North Curl Curl is a suburb in northern Sydney, in the state of New South Wales, Australia 19 kilometres north-east of the Sydney central business district, in the local government area of Northern Beaches Council. It is part of the Northern Beaches region.

History

Curl Curl may be derived from the Aboriginal phrase curial curial, meaning river of life.

The name Curl Curl Lagoon was originally applied to Manly Lagoon, which empties into the ocean at Queenscliff, and the current Curl Curl Lagoon was named Harbord Lagoon. This was a result of the land grant of 'Harbord' originally being much larger than the suburb that later bore this name. The names were changed as a part of a renaming program in the 1980s to reflect the true location of the lagoons.
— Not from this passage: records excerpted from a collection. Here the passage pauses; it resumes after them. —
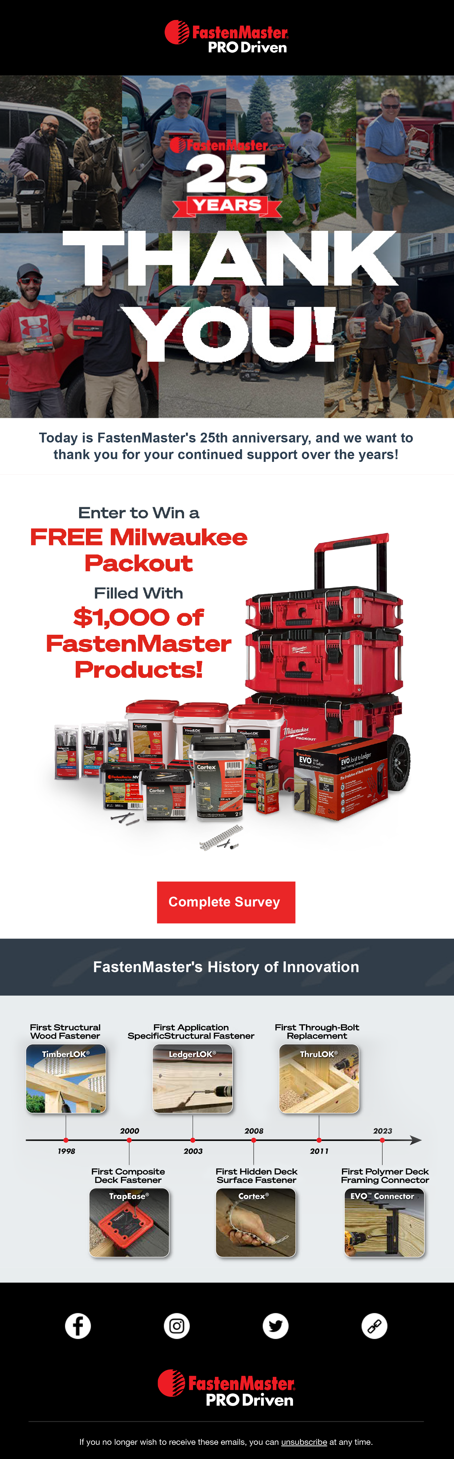 June 2023 was FastenMaster’s 25th anniversary. In order to commemorate this occasion, we launched our FM25 campaign across our digital channels. The goal of this campaign was to position FastenMaster as a leader in innovation and tie our products together under the FastenMaster brand.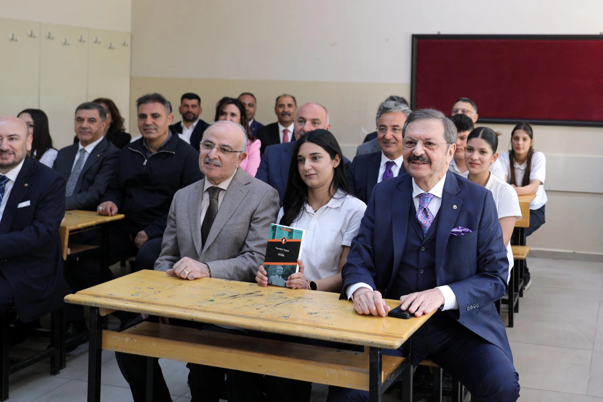 Buradaki öğrencilerle görüşen Hisarcıklıoğlu, kitap dağıtıp öğretmenlerle sohbet etti.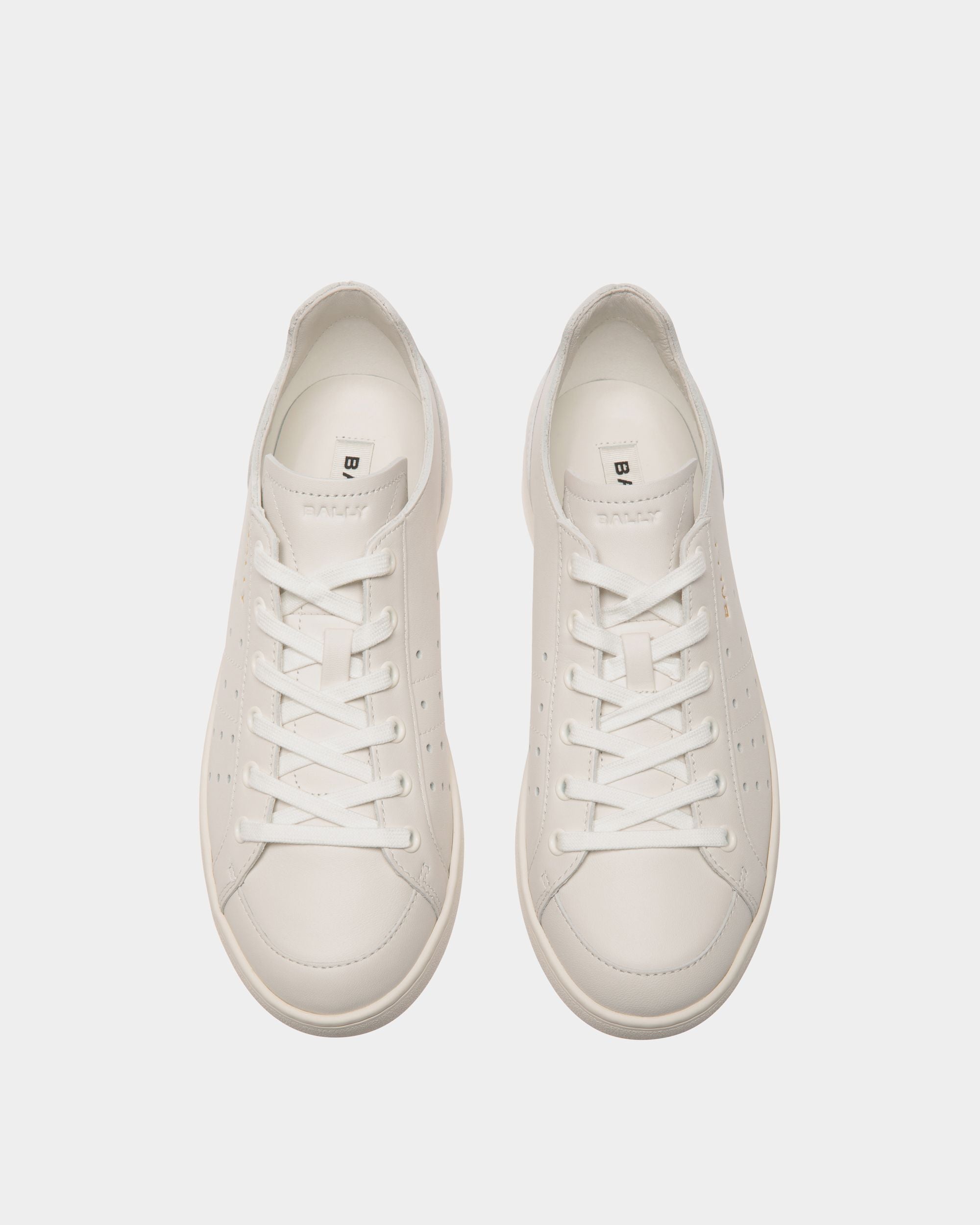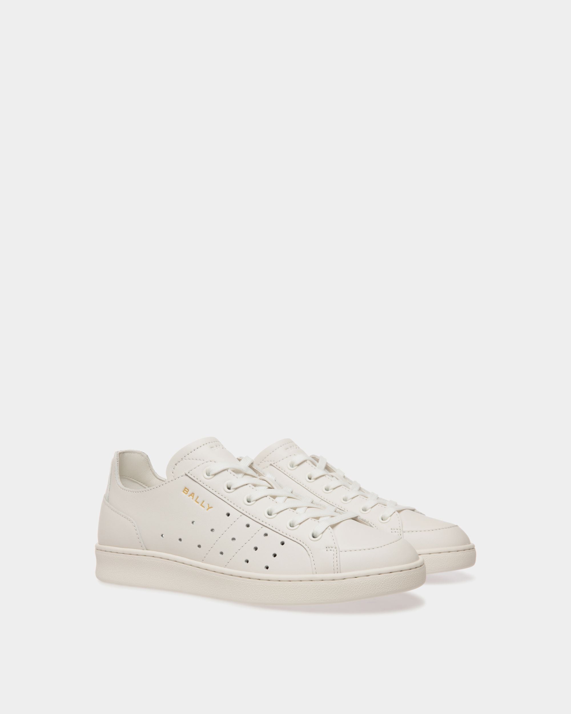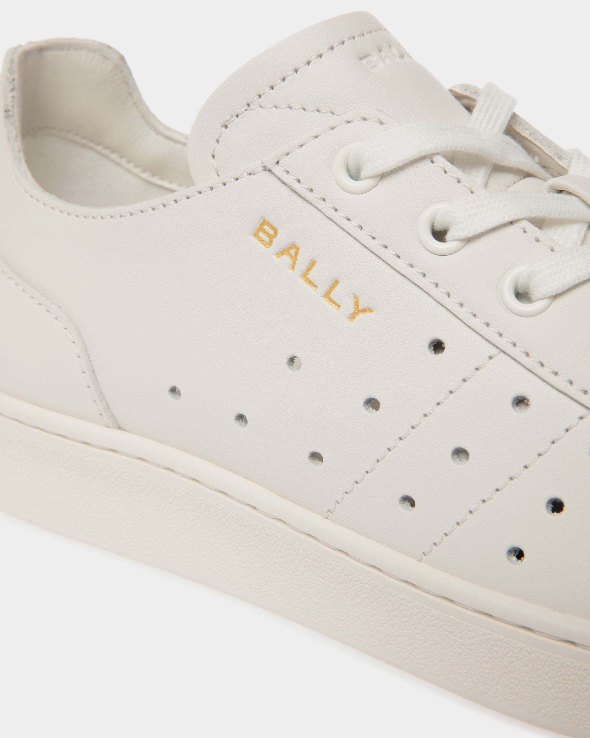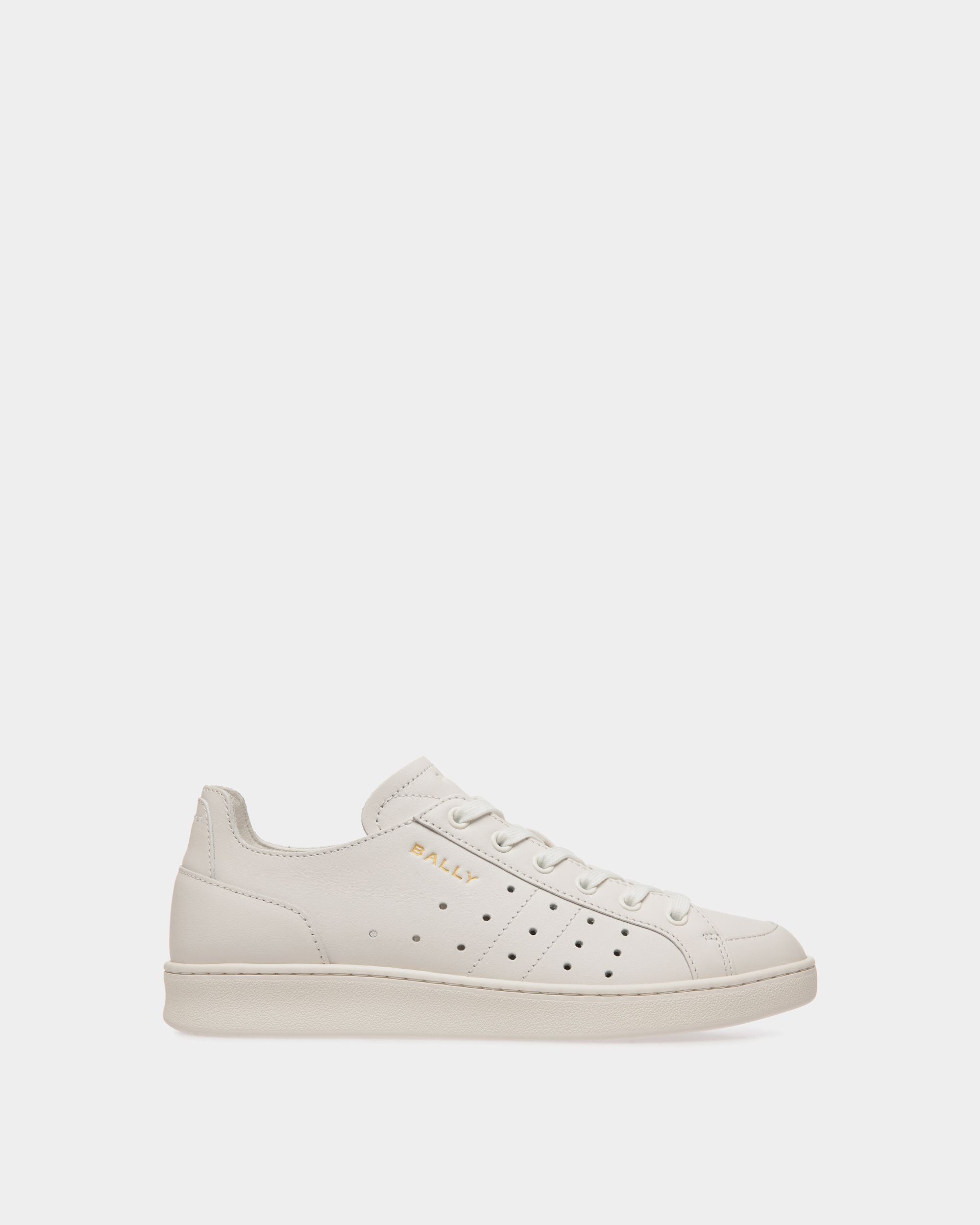 This Tennis sneaker unites a white leather upper with perforations and a thick rubber sole. A gold-tone debossed Bally Crest and logo add an iconic note.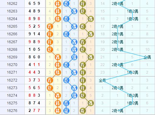 回顾:上期开出277,组三形态,奇偶比2:1,大小比2:1,和值16,211路组合,跨度5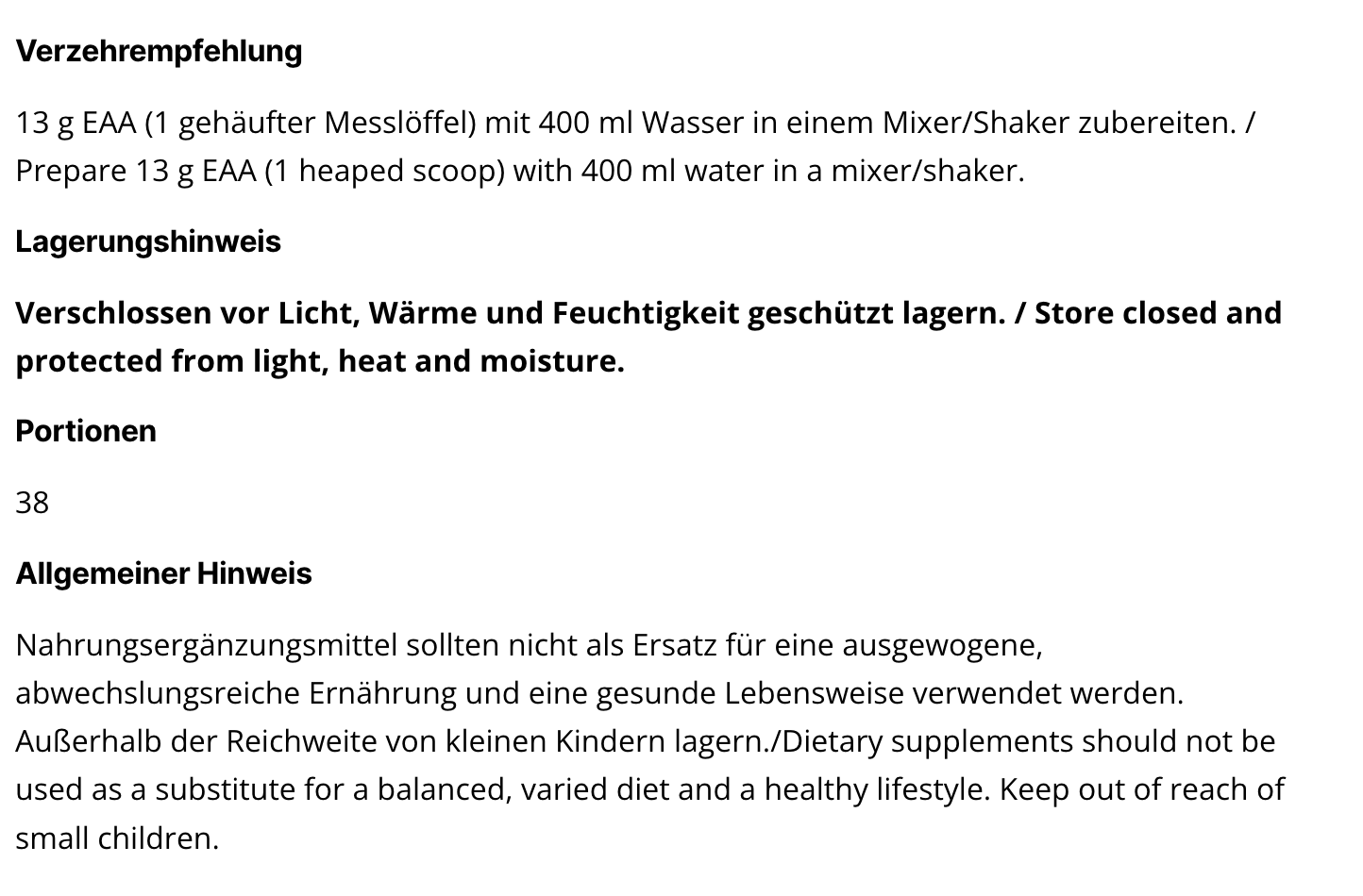 13 g EAA (1 gehäufter Messlöffel) mit 400 ml Wasser in einem Mixer/Shaker zubereiten. / Prepare 13 g EAA (1 heaped scoop) with 400 ml water in a mixer/shaker.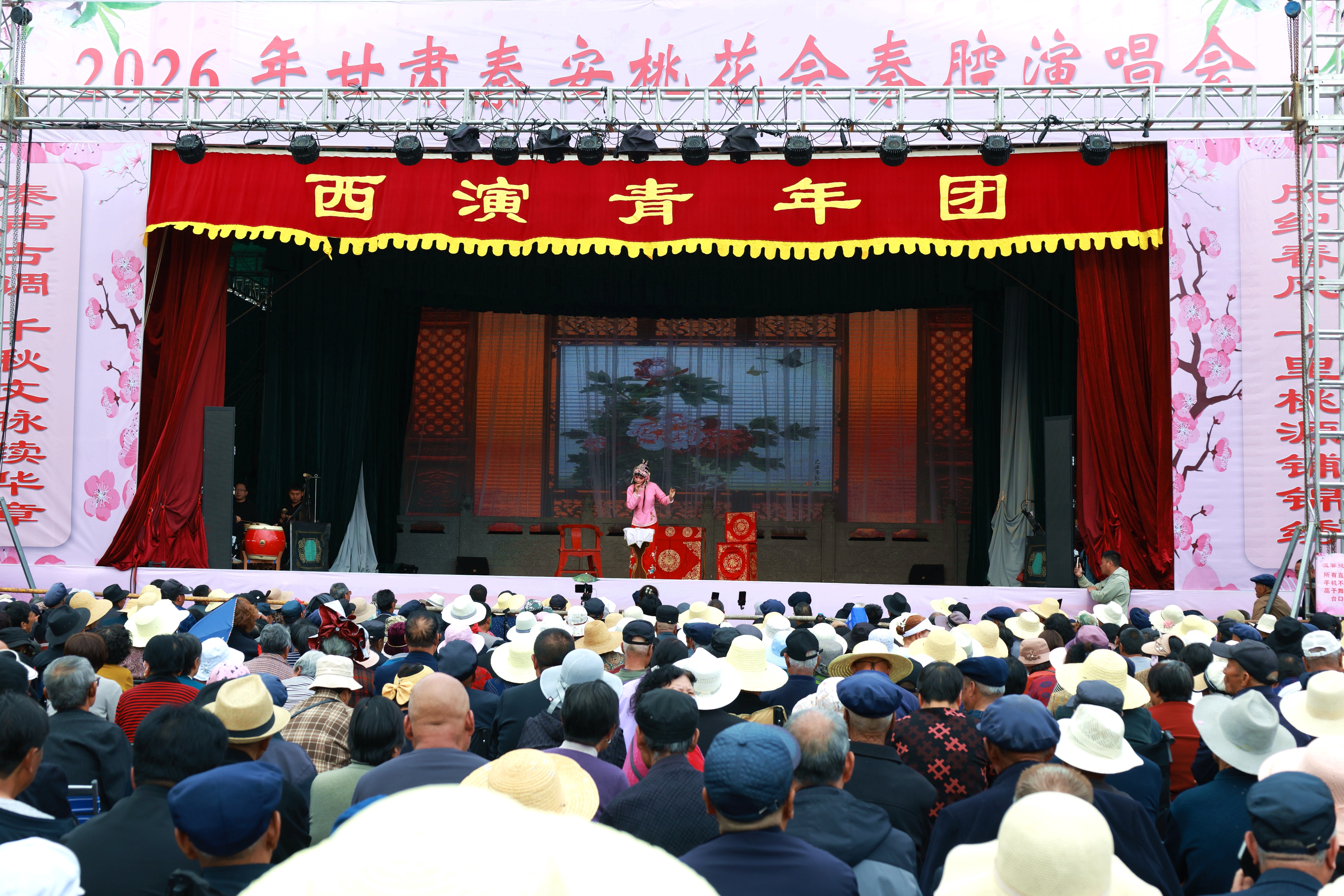 新天水讯 据武山县融媒体中心消息 4月8日上午,2026年甘肃秦安桃花会开园仪式暨全国四季村晚春季示范展示活动在秦安县刘坪镇秦洼桃花堡景区举行。万亩桃园繁花似锦,八方宾客共赴花约,共度一场浪漫的春日花海之旅。

North Curl Curl Post Office opened on 10 June 1923 and was renamed Curl Curl North in 1948.

Population
In the 2016 Census, there were 4,117 people in North Curl Curl. 70.3% of people were born in Australia. The next most common country of birth was England at 8.5%. 84.7% of people only spoke English at home. The most common responses for religion were No Religion 33.5%, Catholic 26.4% and Anglican 20.5%.

Geography

Curl Curl Lagoon and Greendale Creek separate North Curl Curl from Curl Curl in the south. To the west the border with Brookvale runs along Harbord Road. Wingala is an 'urban place' as classified by the Geographical Names Board in the north and western parts of the suburb, lying on the southern slopes of a hill that overlaps into Dee Why. Headland Road marks the northern boundary, while the Tasman Sea lies to the east.

North Curl Curl Beach sits on the south-eastern border, south of Dee Why Head and lying under its cliffs, and is divided from Curl Curl Beach by the mouth of the lagoon. The suburb is generally characterised by the sometimes steep southern slopes of Wingala Hill and Dee Why Head to the north, which flatten out into the former floodplain of the lagoon towards the south.

Sport and recreation
Sport and recreation facilities exist in the extensive parks and playing fields areas to the north of the Lagoon, including the community centre (formerly the Curl Curl Women's Bowling Club) Community Garden, Curl Curl Youth Club, Community Arts centre (formally Curl Curl scout hall) soccer fields (Curl Curl Football Club), baseball fields, cricket pitches, grass and hard netball courts, as well as rugby league and rugby union fields. (North Curl Curl Knights are the local rugby league side, with the colours of green and gold).

The North Curl Curl Surf Life Saving Club patrol North Curl Curl Beach.

Schools

North Curl Curl has two state schools, Curl Curl North Public School and Manly Selective Campus of the Northern Beaches Secondary College, (formerly Manly Boys High School).